### THE RECORDS
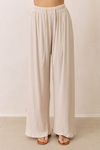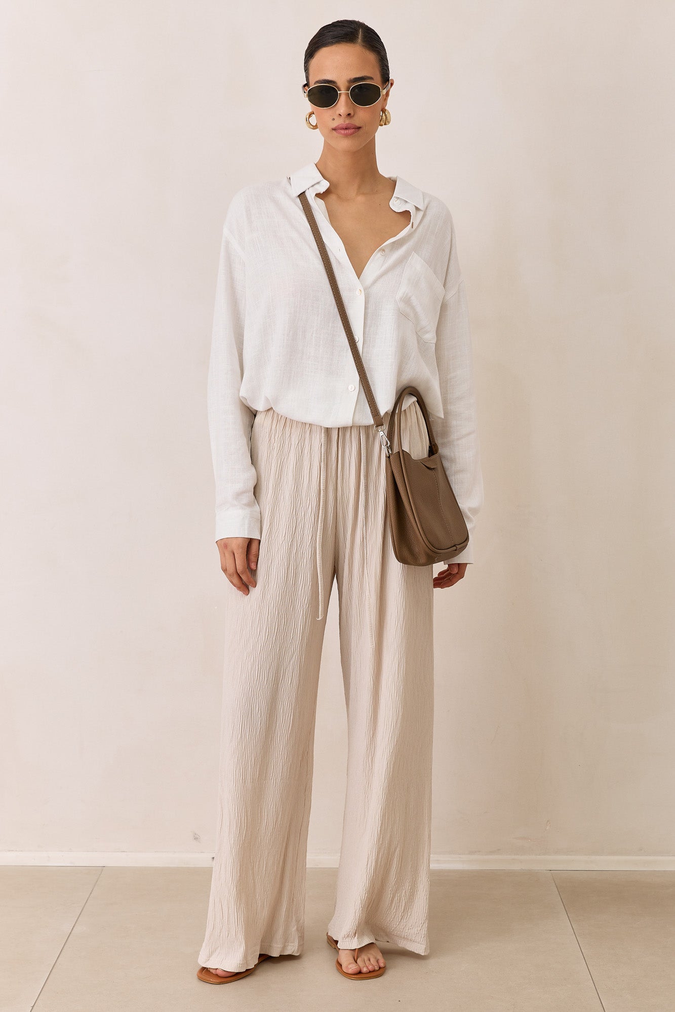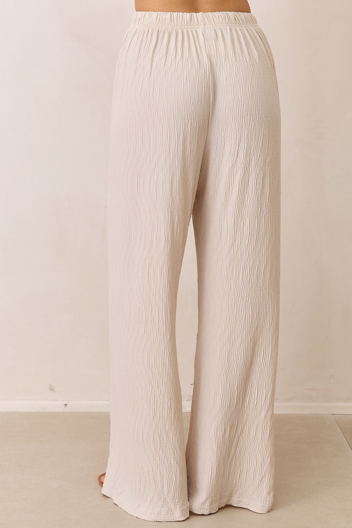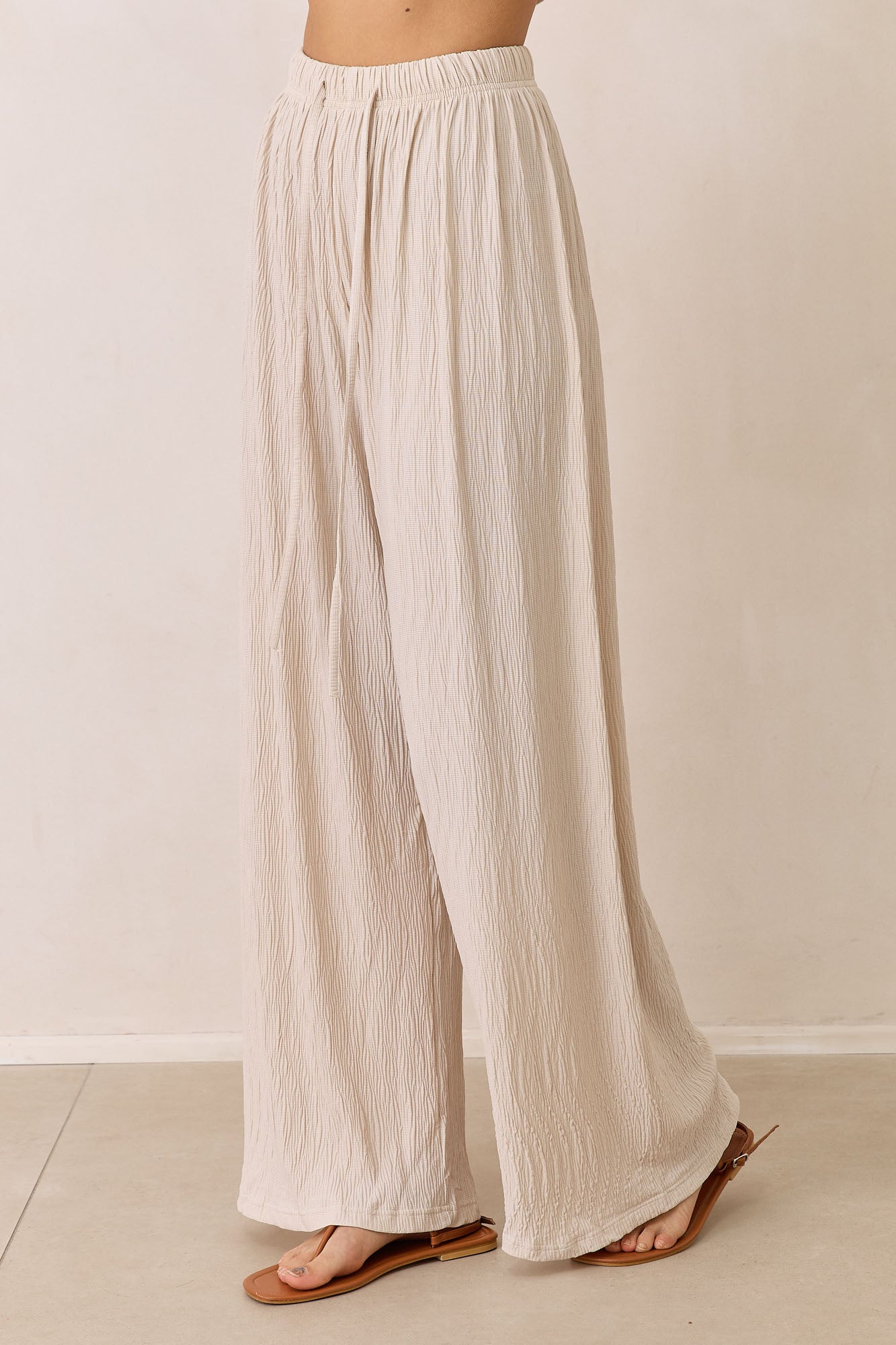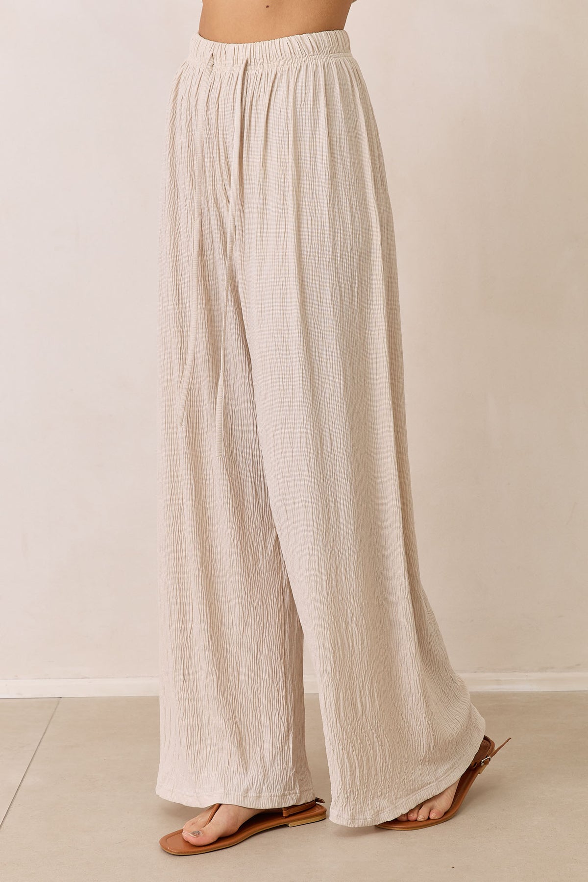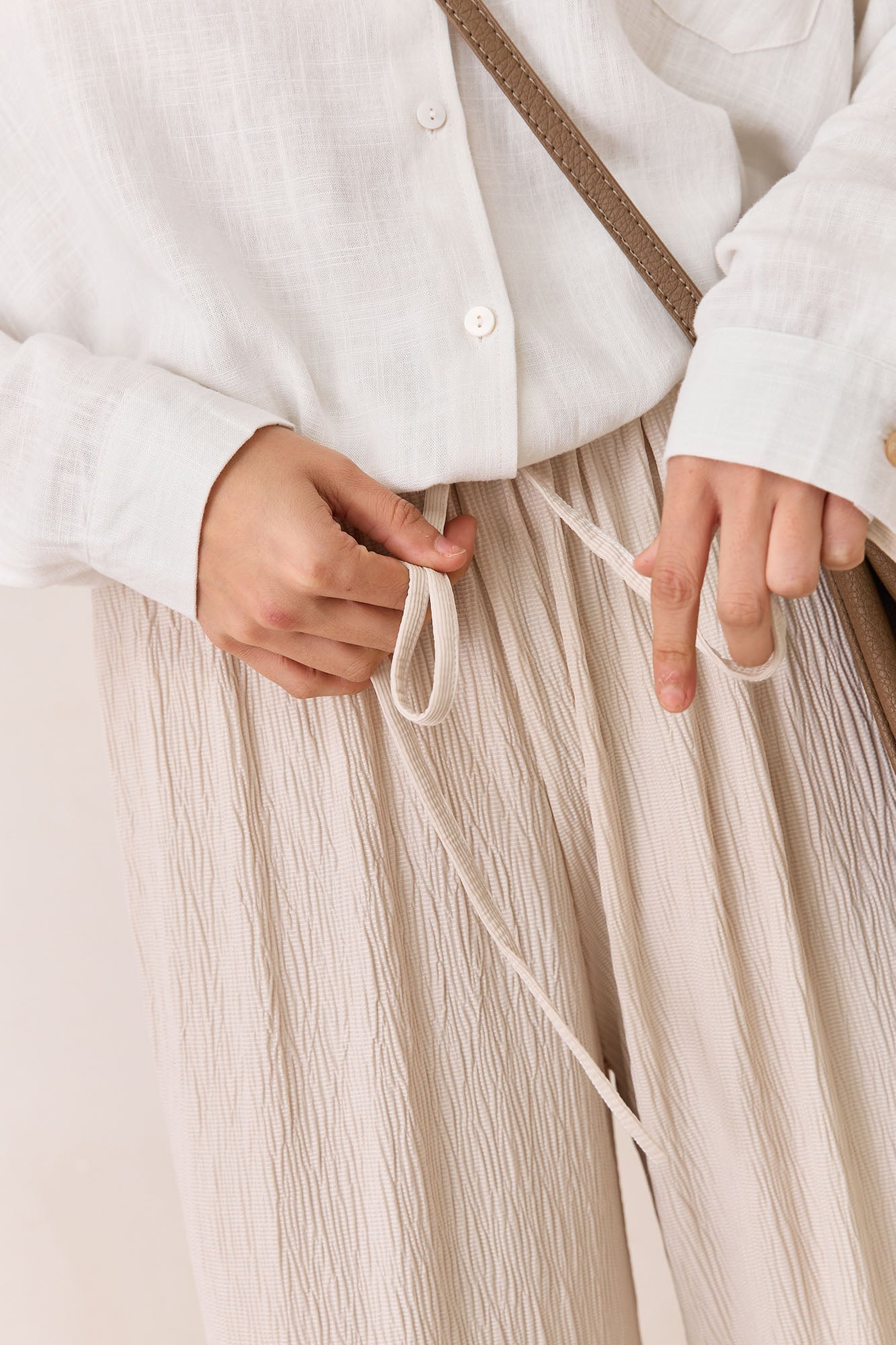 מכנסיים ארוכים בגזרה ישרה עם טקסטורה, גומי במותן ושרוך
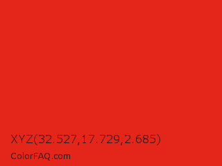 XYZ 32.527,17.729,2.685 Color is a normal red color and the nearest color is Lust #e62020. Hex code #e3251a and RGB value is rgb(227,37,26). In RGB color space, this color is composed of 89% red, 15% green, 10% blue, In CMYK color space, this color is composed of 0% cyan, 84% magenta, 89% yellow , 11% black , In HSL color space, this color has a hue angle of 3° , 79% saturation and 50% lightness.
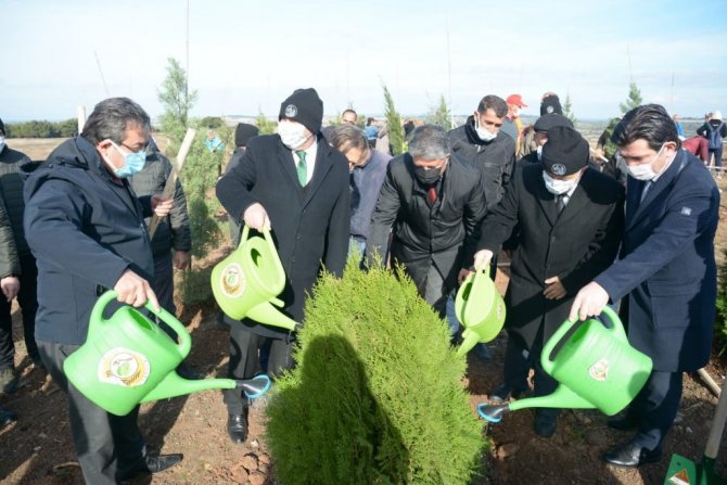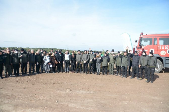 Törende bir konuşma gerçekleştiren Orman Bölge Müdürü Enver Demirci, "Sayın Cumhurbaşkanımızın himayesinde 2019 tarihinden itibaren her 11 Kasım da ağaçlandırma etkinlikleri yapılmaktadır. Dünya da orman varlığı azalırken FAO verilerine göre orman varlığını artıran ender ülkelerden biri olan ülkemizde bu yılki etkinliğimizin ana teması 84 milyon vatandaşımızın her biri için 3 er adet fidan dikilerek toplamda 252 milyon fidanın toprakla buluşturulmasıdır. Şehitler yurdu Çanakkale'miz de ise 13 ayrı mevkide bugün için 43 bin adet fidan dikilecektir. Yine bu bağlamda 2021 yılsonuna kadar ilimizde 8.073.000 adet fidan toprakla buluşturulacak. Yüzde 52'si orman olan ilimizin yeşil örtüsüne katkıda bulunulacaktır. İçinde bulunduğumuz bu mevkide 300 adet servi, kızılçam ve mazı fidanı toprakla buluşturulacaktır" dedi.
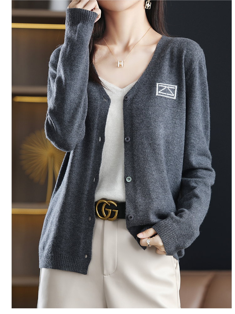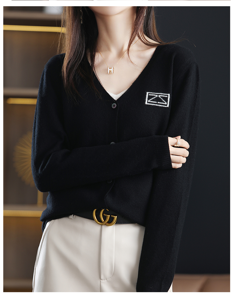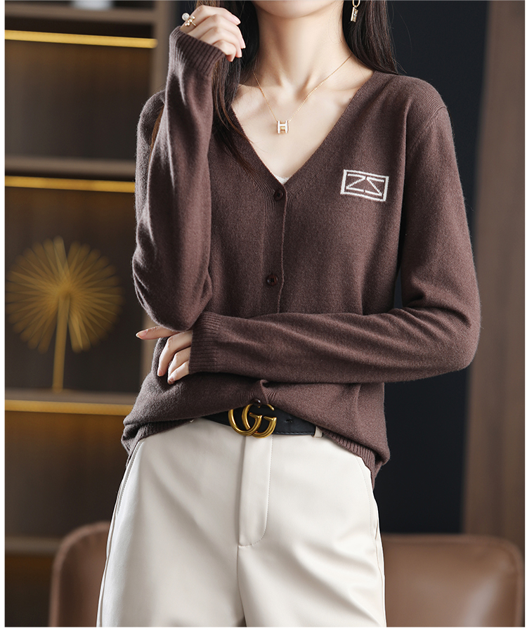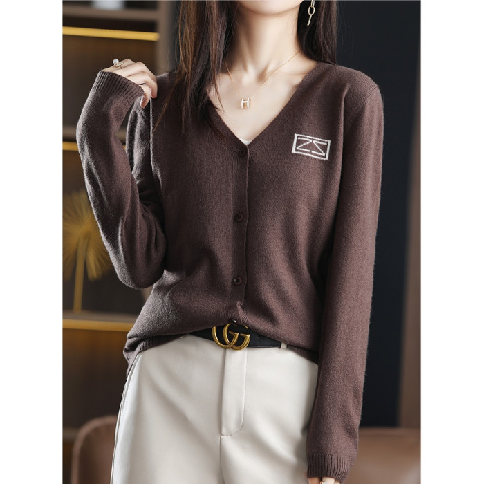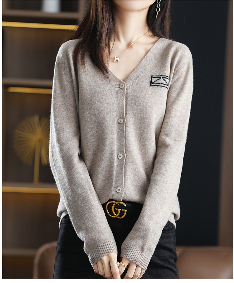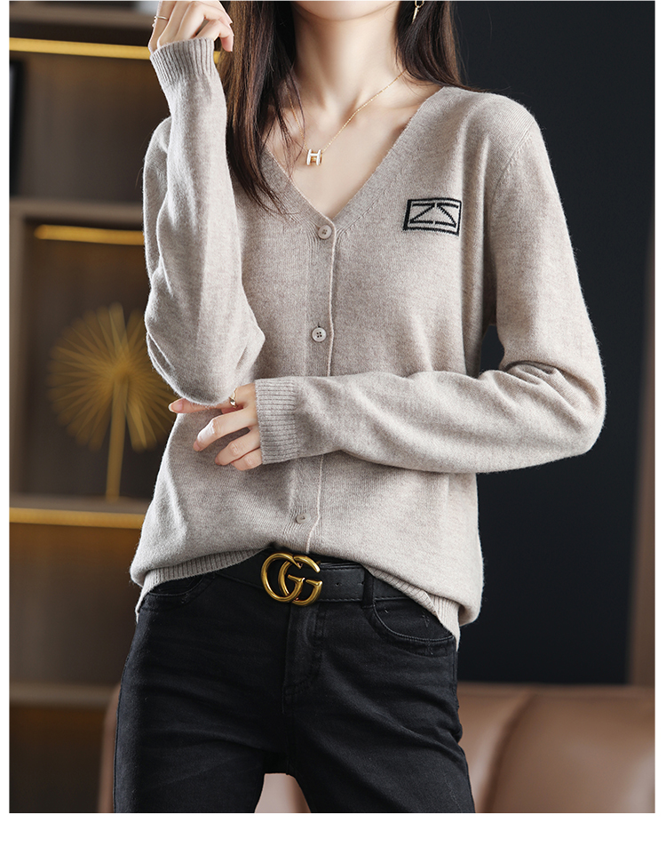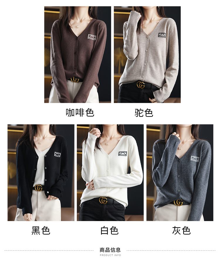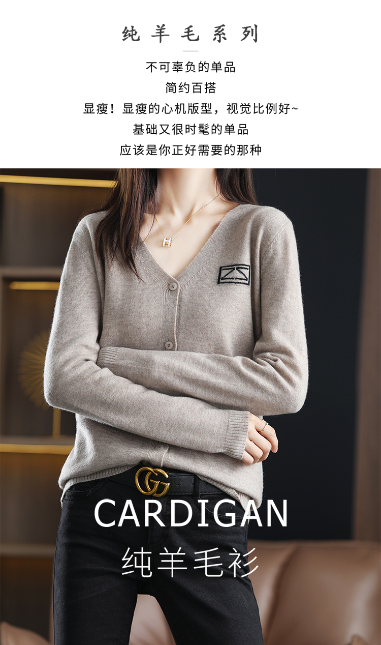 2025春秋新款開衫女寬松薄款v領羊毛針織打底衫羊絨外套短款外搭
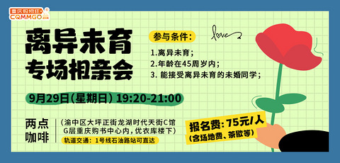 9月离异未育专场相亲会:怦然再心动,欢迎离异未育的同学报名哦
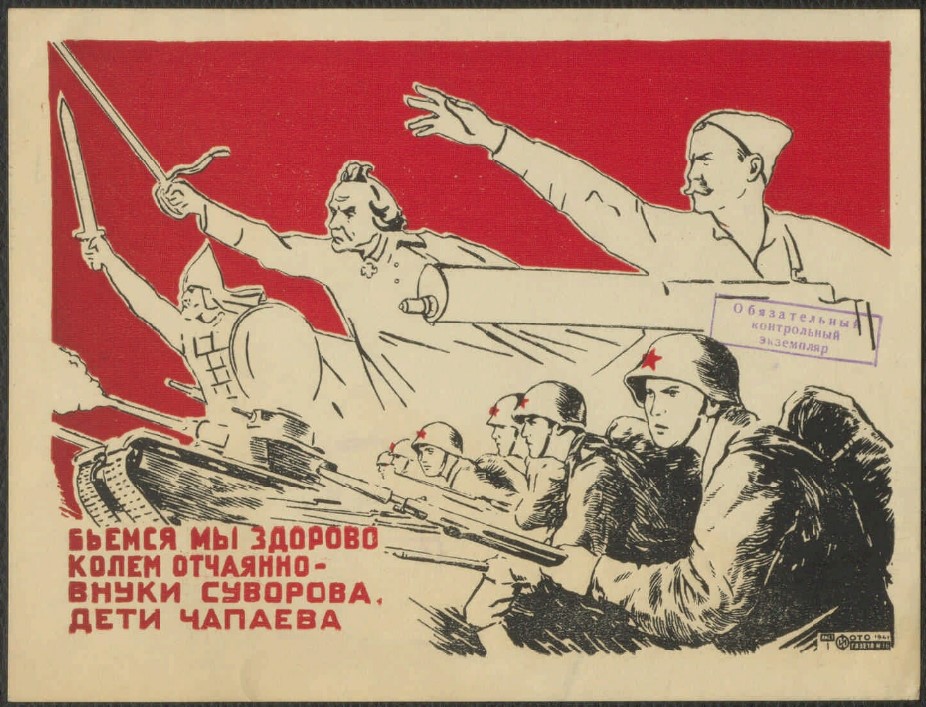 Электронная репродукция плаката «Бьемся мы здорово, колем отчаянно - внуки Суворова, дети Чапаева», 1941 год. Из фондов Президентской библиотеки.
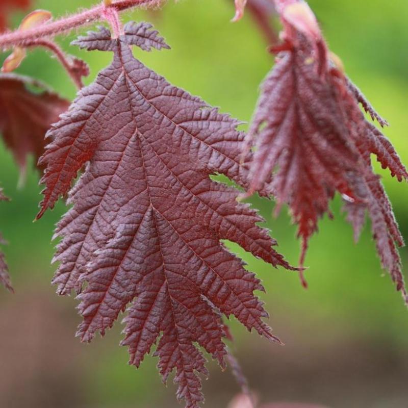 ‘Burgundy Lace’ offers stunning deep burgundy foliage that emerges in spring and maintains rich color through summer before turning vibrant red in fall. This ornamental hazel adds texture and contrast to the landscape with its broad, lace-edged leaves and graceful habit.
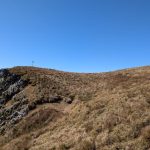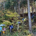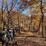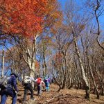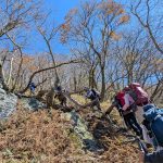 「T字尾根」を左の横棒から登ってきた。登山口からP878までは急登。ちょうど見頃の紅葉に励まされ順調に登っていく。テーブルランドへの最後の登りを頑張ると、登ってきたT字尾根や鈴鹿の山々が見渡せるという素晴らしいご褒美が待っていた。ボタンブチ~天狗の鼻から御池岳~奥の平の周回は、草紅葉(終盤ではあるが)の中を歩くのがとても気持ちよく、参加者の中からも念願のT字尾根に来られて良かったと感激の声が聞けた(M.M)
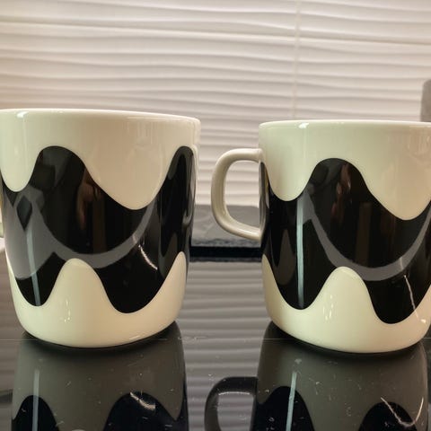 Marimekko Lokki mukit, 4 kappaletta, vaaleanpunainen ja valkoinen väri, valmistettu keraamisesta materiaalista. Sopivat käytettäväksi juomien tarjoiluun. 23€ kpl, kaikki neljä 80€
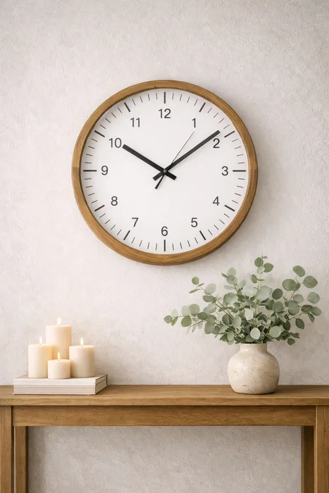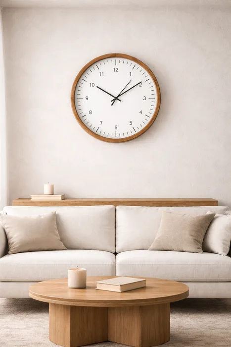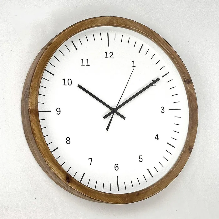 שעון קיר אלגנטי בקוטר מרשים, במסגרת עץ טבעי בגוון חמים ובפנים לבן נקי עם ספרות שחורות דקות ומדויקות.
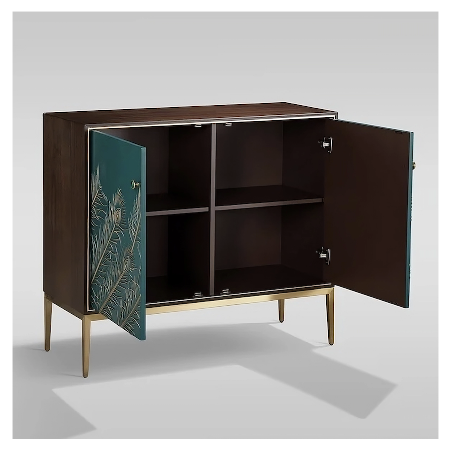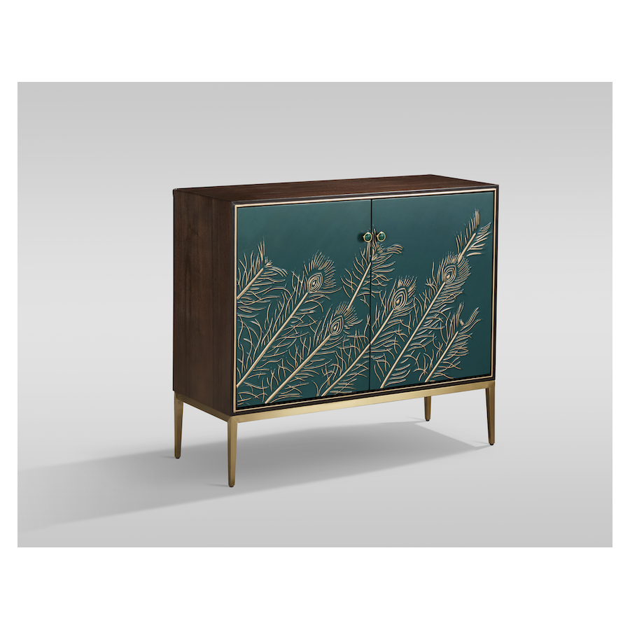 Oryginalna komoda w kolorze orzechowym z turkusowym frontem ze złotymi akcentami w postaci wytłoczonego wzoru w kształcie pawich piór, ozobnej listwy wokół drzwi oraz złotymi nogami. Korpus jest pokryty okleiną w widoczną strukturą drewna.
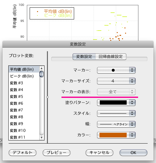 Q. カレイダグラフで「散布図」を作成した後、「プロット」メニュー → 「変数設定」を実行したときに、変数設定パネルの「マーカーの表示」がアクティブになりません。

### ACTION ITEM
Nothing but an exact transcription of the material, without pictures, should be returned.

### OUTPUT OF THE EXERCISE
 מכנסיים ארוכים בגזרה ישרה עם טקסטורה, גומי במותן ושרוך
 XYZ 32.527,17.729,2.685 Color is a normal red color and the nearest color is Lust #e62020. Hex code #e3251a and RGB value is rgb(227,37,26). In RGB color space, this color is composed of 89% red, 15% green, 10% blue, In CMYK color space, this color is composed of 0% cyan, 84% magenta, 89% yellow , 11% black , In HSL color space, this color has a hue angle of 3° , 79% saturation and 50% lightness.
 Törende bir konuşma gerçekleştiren Orman Bölge Müdürü Enver Demirci, "Sayın Cumhurbaşkanımızın himayesinde 2019 tarihinden itibaren her 11 Kasım da ağaçlandırma etkinlikleri yapılmaktadır. Dünya da orman varlığı azalırken FAO verilerine göre orman varlığını artıran ender ülkelerden biri olan ülkemizde bu yılki etkinliğimizin ana teması 84 milyon vatandaşımızın her biri için 3 er adet fidan dikilerek toplamda 252 milyon fidanın toprakla buluşturulmasıdır. Şehitler yurdu Çanakkale'miz de ise 13 ayrı mevkide bugün için 43 bin adet fidan dikilecektir. Yine bu bağlamda 2021 yılsonuna kadar ilimizde 8.073.000 adet fidan toprakla buluşturulacak. Yüzde 52'si orman olan ilimizin yeşil örtüsüne katkıda bulunulacaktır. İçinde bulunduğumuz bu mevkide 300 adet servi, kızılçam ve mazı fidanı toprakla buluşturulacaktır" dedi.
 2025春秋新款開衫女寬松薄款v領羊毛針織打底衫羊絨外套短款外搭
 9月离异未育专场相亲会:怦然再心动,欢迎离异未育的同学报名哦
 Электронная репродукция плаката «Бьемся мы здорово, колем отчаянно - внуки Суворова, дети Чапаева», 1941 год. Из фондов Президентской библиотеки.
 ‘Burgundy Lace’ offers stunning deep burgundy foliage that emerges in spring and maintains rich color through summer before turning vibrant red in fall. This ornamental hazel adds texture and contrast to the landscape with its broad, lace-edged leaves and graceful habit.
 「T字尾根」を左の横棒から登ってきた。登山口からP878までは急登。ちょうど見頃の紅葉に励まされ順調に登っていく。テーブルランドへの最後の登りを頑張ると、登ってきたT字尾根や鈴鹿の山々が見渡せるという素晴らしいご褒美が待っていた。ボタンブチ~天狗の鼻から御池岳~奥の平の周回は、草紅葉(終盤ではあるが)の中を歩くのがとても気持ちよく、参加者の中からも念願のT字尾根に来られて良かったと感激の声が聞けた(M.M)
 Marimekko Lokki mukit, 4 kappaletta, vaaleanpunainen ja valkoinen väri, valmistettu keraamisesta materiaalista. Sopivat käytettäväksi juomien tarjoiluun. 23€ kpl, kaikki neljä 80€
 שעון קיר אלגנטי בקוטר מרשים, במסגרת עץ טבעי בגוון חמים ובפנים לבן נקי עם ספרות שחורות דקות ומדויקות.
 Oryginalna komoda w kolorze orzechowym z turkusowym frontem ze złotymi akcentami w postaci wytłoczonego wzoru w kształcie pawich piór, ozobnej listwy wokół drzwi oraz złotymi nogami. Korpus jest pokryty okleiną w widoczną strukturą drewna.
 Q. カレイダグラフで「散布図」を作成した後、「プロット」メニュー → 「変数設定」を実行したときに、変数設定パネルの「マーカーの表示」がアクティブになりません。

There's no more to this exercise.